CHATTANOOGA, Tenn. (AP) -- Alison Powers is the fastest woman on two wheels.
In the U.S., at least.
The reigning national criterium champion finished off a sweep at USA Cycling's signature event on Monday, pulling away from the field in the final stretch to win the women's road race just two days after she captured victory in the time trial.
Powers is the first rider to sweep the weekend since Kristin Armstrong in 2006.
"To have three national championships all at the same time, that's unbelievable," said Powers, who will try to defend her criterium championship in September.
"It's a dream. My name will always be remembered in a good way. I don't really know what else to say."
Eric Marcotte held off teammate Travis McCabe to become the surprise men's champion.
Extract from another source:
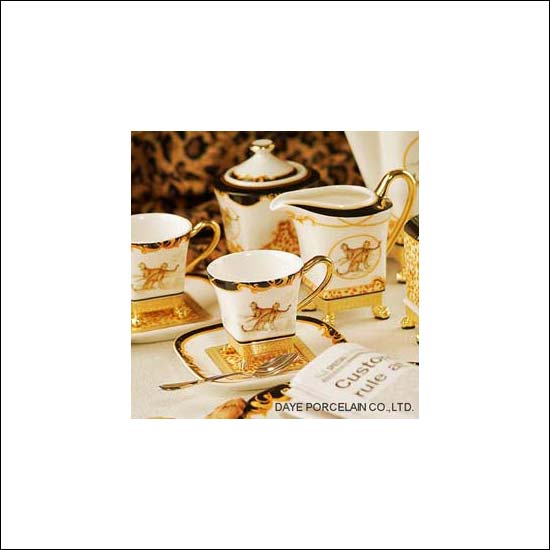- An antique design with a classical style featuring a set of coffee cups and sugar bowl, creamer and more

Alex Howes finished third in a race that was marked by a serious crash involving time trial champion Taylor Phinney, who was transported to a hospital with a fractured bone in his left leg.
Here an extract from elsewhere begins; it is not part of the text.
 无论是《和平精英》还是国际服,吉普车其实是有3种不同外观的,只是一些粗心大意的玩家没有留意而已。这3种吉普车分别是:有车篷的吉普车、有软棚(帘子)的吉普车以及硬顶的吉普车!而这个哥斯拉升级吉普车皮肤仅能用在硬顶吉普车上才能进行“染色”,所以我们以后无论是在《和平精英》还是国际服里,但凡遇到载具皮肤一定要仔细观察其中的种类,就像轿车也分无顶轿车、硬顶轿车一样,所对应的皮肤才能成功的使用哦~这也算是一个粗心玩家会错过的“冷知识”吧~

Phinney had planned to ride in the Tour de France later this summer.
Powers was among the favorites in the time trial, but even she acknowledged that she was a relative longshot in the unpredictable road race. But her UnitedHealthcare team rode perfectly for her, putting a rider in an early breakaway and forcing several contenders to use up energy.
The chase caught the break with just over a lap remaining in the finishing circuits through Chattanooga, and Powers decided to attack with five miles remaining and rode solo to victory.
She was followed across the line by Megan Guarnier, who won the race two years ago, and Evelyn Stevens, who stood on the podium for the first time after winning two time trial titles.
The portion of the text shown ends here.